I was having a chat with my wife last night about our mutual experiences moving from secondary education into working as tutors and lecturers in higher ed as both of us complete PhDs. Felicity has a couple of years on me, being nearly finished with hers while I’m just beginning to dip my toes into the water. Her experiences played a big part in me finally deciding to take a break from the secondary classroom; she told me I’d spend a lot of time grieving the loss of the kids (I know – probably not the sort of thing a burned out teacher says… but we both loved teaching in schools and were very far off being burned out). 

During our conversation, I asked Felicity: what had surprised her most about trying to establish herself as a higher educator?

“What surprises me is the fact that, in doing the best job possible, I’m no longer a threat to anyone. There are plenty of senior lecturers and professors with more years of experience, publications and knowledge of the research than I may ever have. Any of them could easily cut me down if they wanted. But somehow, in the three years I’ve worked at uni, nobody ever has. People just value who I am, what I have to say and what I do.” 
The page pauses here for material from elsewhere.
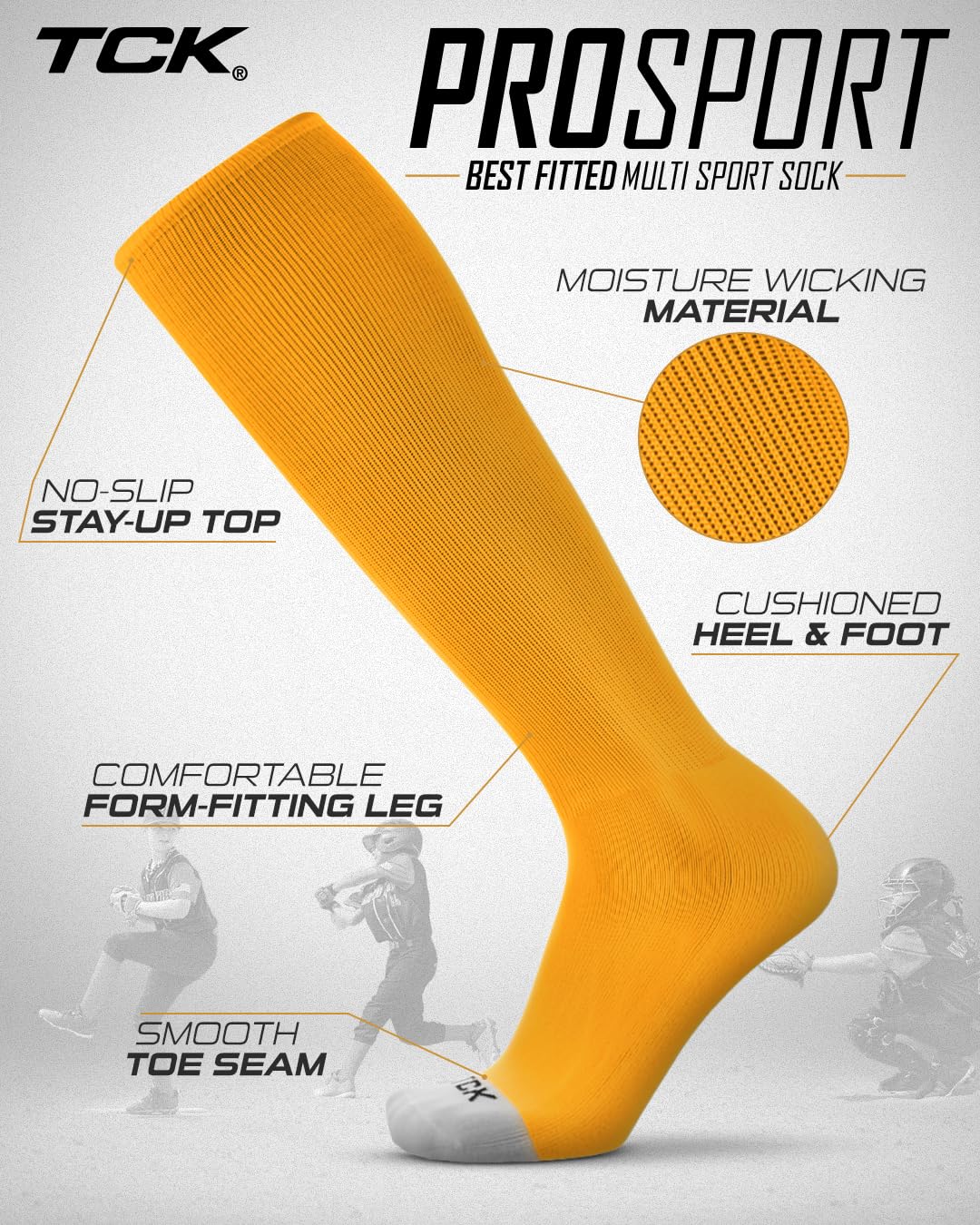 CLASSIC MULTISPORT ATHLETIC SOCKS: The Prosport is the gold standard for the classic athletic tube sock. This iconic sock has been produced for over a decade and has graced the feet of many top athletes. Hitting just below the knee, this sock is ideal for baseball, softball, football, field hockey and more! Available in over 20 team colors and 5 precise sizes, the Prosport is the sock to elevate your game to the next level.

This really got me thinking about the analogy of the academic sitting grandly in the “ivory tower,” far removed from the realities of the primary/secondary classroom teacher. It’s funny that academics are often criticised for their apparent lack of understanding – and I’ve often wondered if that’s really a fair assessment. 

My own experiences in schools isn’t entirely dissimilar to Felicity’s. Being keen, saying yes to great initiatives, working in teams to solve problems and collaborate, sharing who I am transparently with people – all of these things matter so much to good teachers and are important to the future of education. Any Google search reveals that there are brilliant teachers out there who willingly share ideas, resources, solutions and important questions with the world; their transparency and generosity speaks volumes about their professionalism. So when does that become a threat? For whom?
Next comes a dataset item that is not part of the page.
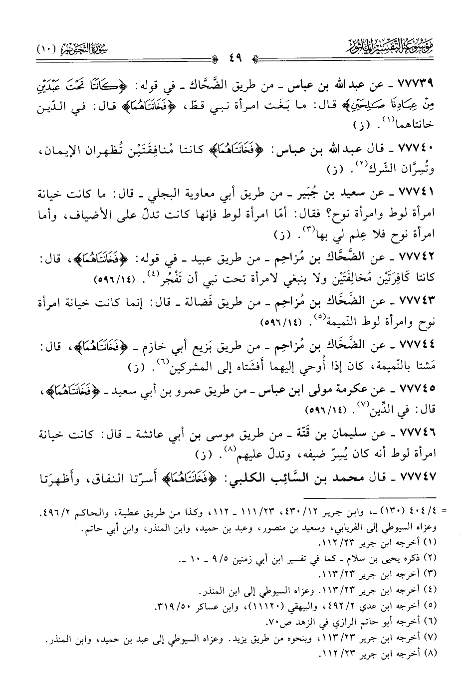 ٧٧٧٤٠ - قال عبد الله بن عباس: {فَخانَتاهُما} كانتا مُنافِقَتَيْن تُظهران الإيمان، وتُسِرّان الشّرك (¬٢). (ز)

I think the answer to these questions has a lot to do with power and the simple paradox that while true education is empowerment of the individual, it should never really be about power, at least not the kind of power that corrupts. The real power can and should be in the knowledge, understanding and openness that we foster as teachers – in getting our students to become the people they want to be.

In being well-educated, each of us has enormous power in the world. We have, for example, privilege over those in developing countries simply by virtue of being born where we are. As teachers in Australia, we’re a part of the global minority, the 6.7% of the world’s population with a university degree. The perspectives on the world that we acquire through our education is an enormous part of the privilege we enjoy. 
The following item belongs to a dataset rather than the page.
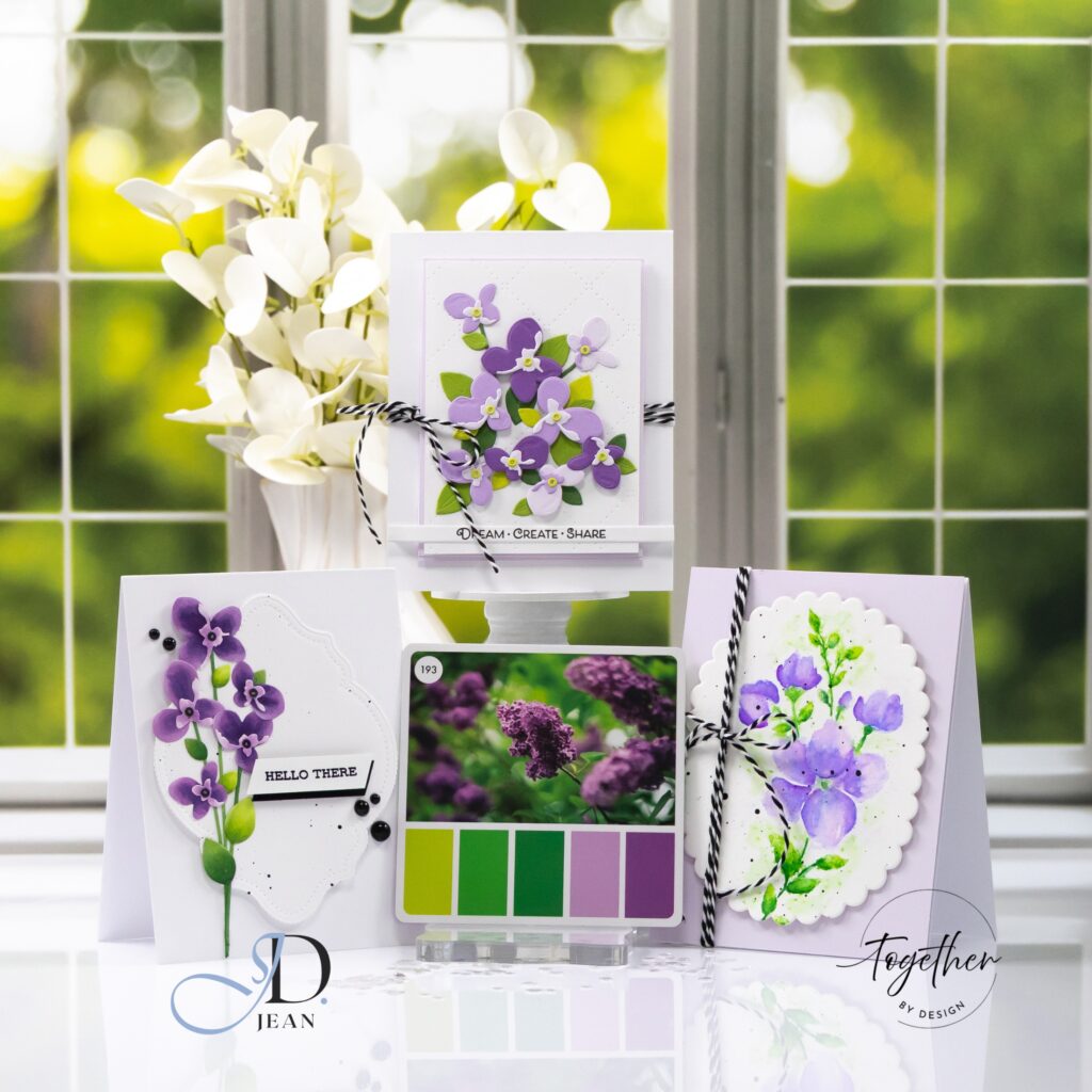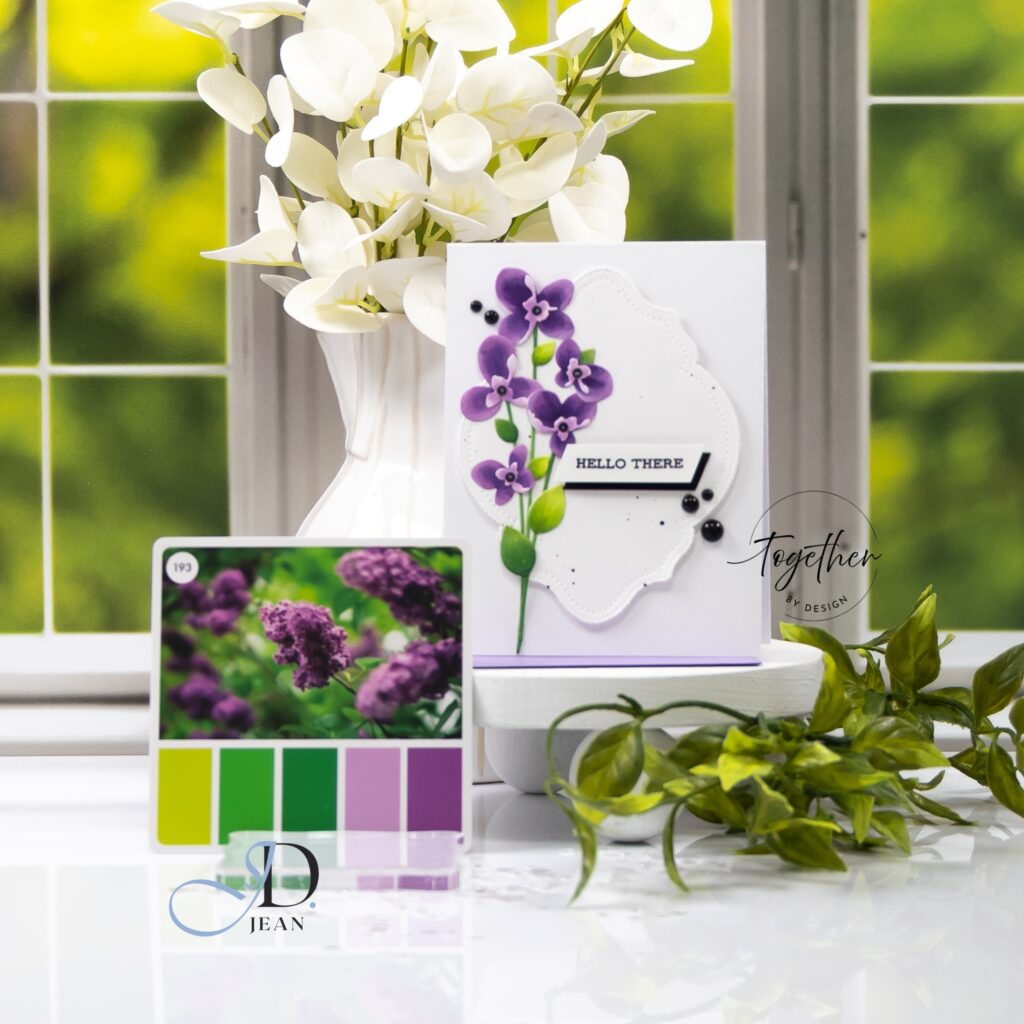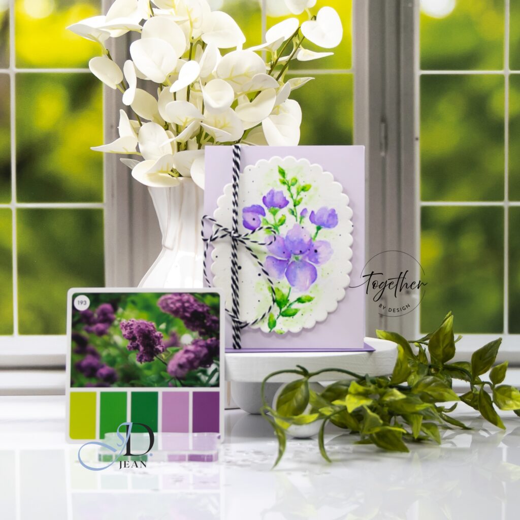 The watercolor stamped card shifts the palette into something softer and more fluid. Here, the same purples become more blended and atmospheric, with subtle variation in saturation across the petals. The greens feel slightly more organic and loose, which reinforces the watercolor style. The scalloped oval frame helps contain that softness and gives the design a gentle structure so it doesn’t drift too far visually.

So if we use our education to assert control over others, for our own political gain or otherwise, we’re abusing the power we have. Fortunately, the academics with whom I’m very lucky to work try extremely hard to be the best teachers they can be, knowing that they’re helping more people to gain a university education and become empowered. Fortunately, the vast majority of primary and secondary teachers with whom I’ve worked try extremely hard to empower the minds of young people and help them move towards the next stage in their lives. 

So for all the BS that goes on anywhere – the rhetoric, power-play, cards held close to the chest or cutting down – it doesn’t seem like there are any ivory towers anywhere near me. What a wonderful thing.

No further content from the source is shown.